Um dos cartões postais do Pantanal, localizado às margens da BR-262, no município de Corumbá, Mato Grosso do Sul, pode se tornar um monumento vivo ao ser adotado pelo casal de tuiuiús que anualmente se reproduzia no ninho original, que foi totalmente destruído pelas queimadas ocorridas em 2020. O casal de tuiuiús voltou a encantar quem passa pelo local, e têm sido visto já trazendo material para o novo ninho, como galhos e fibras vegetais mais finas.

O ninho artificial foi construído para oferecer uma alternativa ao casal dessas aves símbolo do Pantanal, já que o ninho era um referencial turístico muito apreciado, que era tombado por lei do municipal.

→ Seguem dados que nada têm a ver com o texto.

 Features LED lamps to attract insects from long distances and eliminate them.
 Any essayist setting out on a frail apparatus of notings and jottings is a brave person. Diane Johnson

O fogo destruiu, além do ninho original, a estrutura de galhos que davam suporte a ele na piúva (nome pantaneiro do ipê) que ainda se mantém ao lado.

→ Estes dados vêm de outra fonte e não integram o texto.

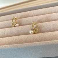 Pg3078 ピアス 14kコーティング/天然パール/ジルコニア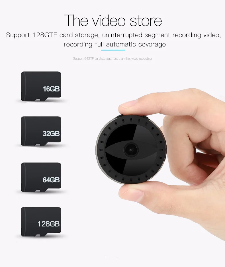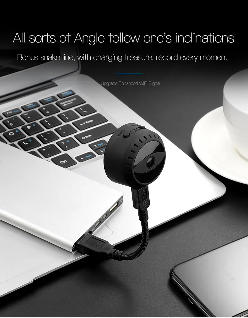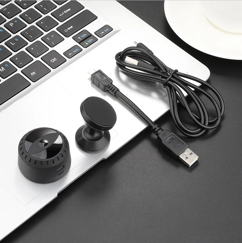 Эта маленькая камера с жестким зарядным кабелем и волшебным основанием, при зарядке во время записи, вы можете вручную повернуть угол записи на 360 градусов.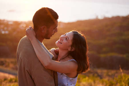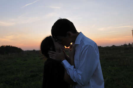 Embraces of a loving couple on sunset. Young couple in love hug each other. Love story.
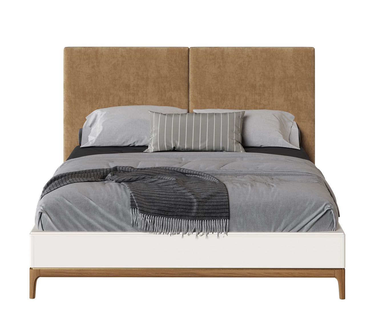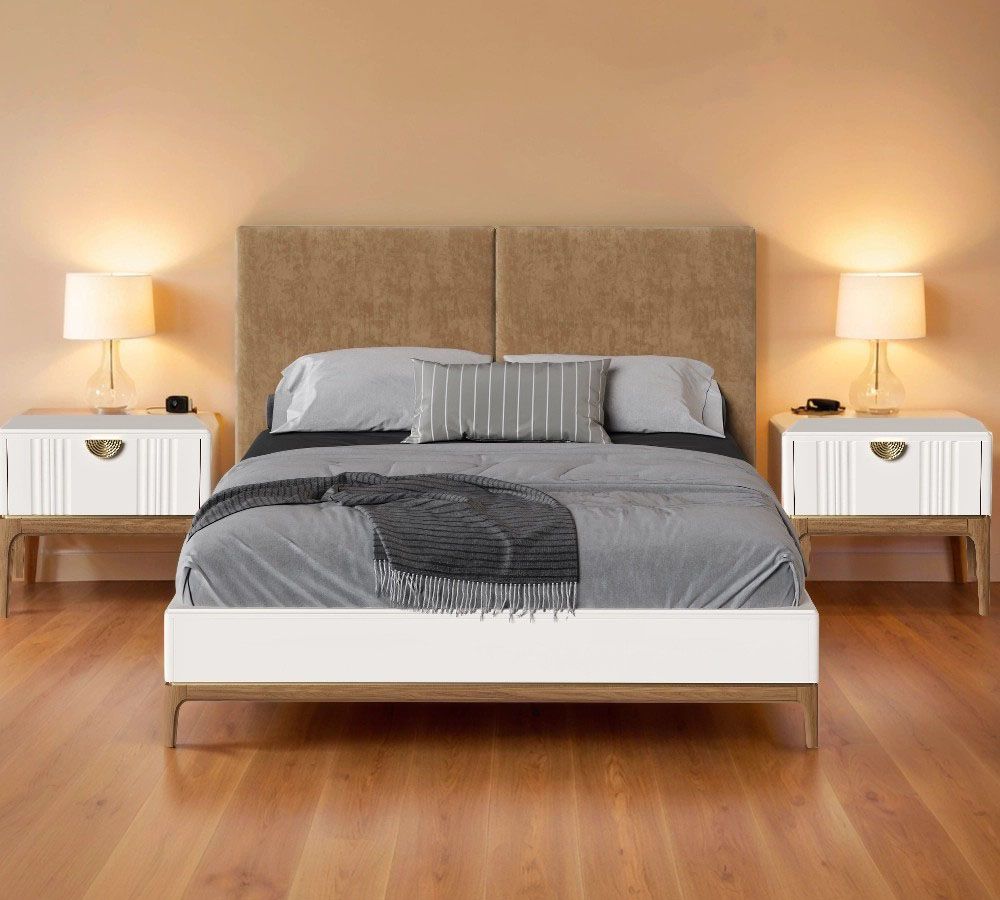 Кровать односпальная Bari с мягкой спинкой. Лаконичные линии в духе модерна, подчеркнутые теплом натурального цвета ножек, превращают этот предмет мебели в практичный и оригинальный элемент интерьера.

O ninho artificial vinha sendo monitorado desde a sua construção, em 23 de outubro de 2020. Em janeiro de 2021, os tuiuiús foram vistos nas proximidades do ninho artificial e até pousados na árvore do antigo ninho. Já em 16 de maio deste ano, houve o primeiro registro do casal pousado no ninho artificial. Além disso, Walfrido Tomás, pesquisador da Embrapa Pantanal  idealizador do projeto do ninho artificial, registrou o fato dos tuiuiús estarem trazendo material para o ninho, numa clara indicação que estão preparando o local para procriação. Isso confirma a adoção do novo ninho pelo casal, confirmando a esperança dos pesquisadores.

Construção do novo ninho

Walfrido conta que, durante o trabalho de levantamento de animais mortos pelas queimadas, realizado no ano passado, ele observou diversas vezes tuiuiús pousados em árvores próximas ao ninho que foi queimado cerca de um mês antes, e então teve a ideia de instalar uma estrutura alternativa para a um novo ninho. “Assim os tuiuiús poderiam retornar, pois essas aves são fiéis ao local de nidificação”, detalhou Walfrido.

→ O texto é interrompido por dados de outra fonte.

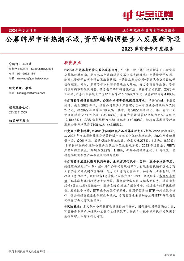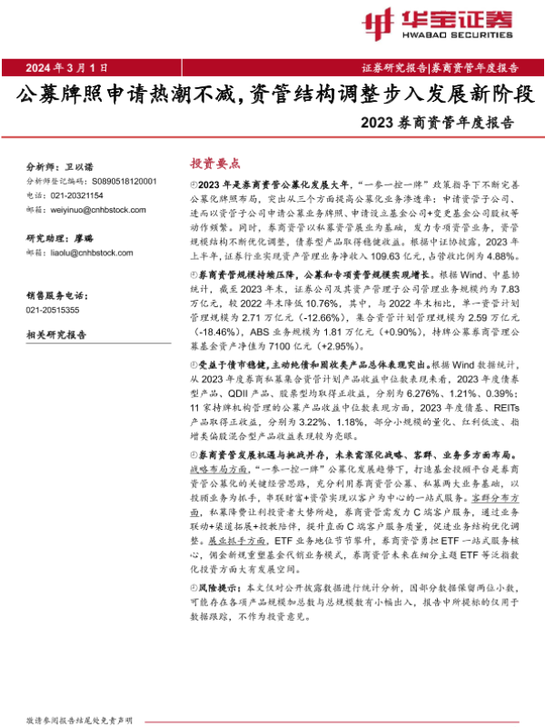 【华宝证券】【20240301】2023券商资管年度报告:公募牌照申请热潮不减,资管结构调整步入发展新阶段-21页

A proposta foi apresentada à Fundação de Meio Ambiente do Pantanal, que prontamente adotou a ideia, e estabeleceu uma parceria com a Energisa para a instalação de uma estrutura próxima  ao local do ninho original. O Instituto Arara Azul foi também convidado a assinar o projeto, já que tem experiência com ninhos artificiais para araras azuis, na forma de caixas-ninho. Segundo o pesquisador, essa é a primeira experiência de ninho artificial com espécie: “Me inspirei nos ninhos artificiais de cegonhas, comuns na Europa, já que o tuiuiú pertence à mesma família destas aves, sendo tecnicamente uma cegonha”.

O ninho construído possui estrutura que consiste de um poste de concreto de 12 metros, com uma plataforma hexagonal de metal de 2m de diâmetro no topo, em formato de taça, de forma a comportar o volumoso material que os tuiuiús utilizam na construção de ninhos. “A estrutura foi adaptada e melhorada pelos técnicos da Energisa, utilizando material disponível, que são utilizados na construção de torres de redes de energia.  Sobre a plataforma, depositamos galhos e material fino para representar um ninho, na esperança de que o local fosse reconhecido pelos tuiuiús e utilizados como base para construção do novo ninho”, explica Walfrido.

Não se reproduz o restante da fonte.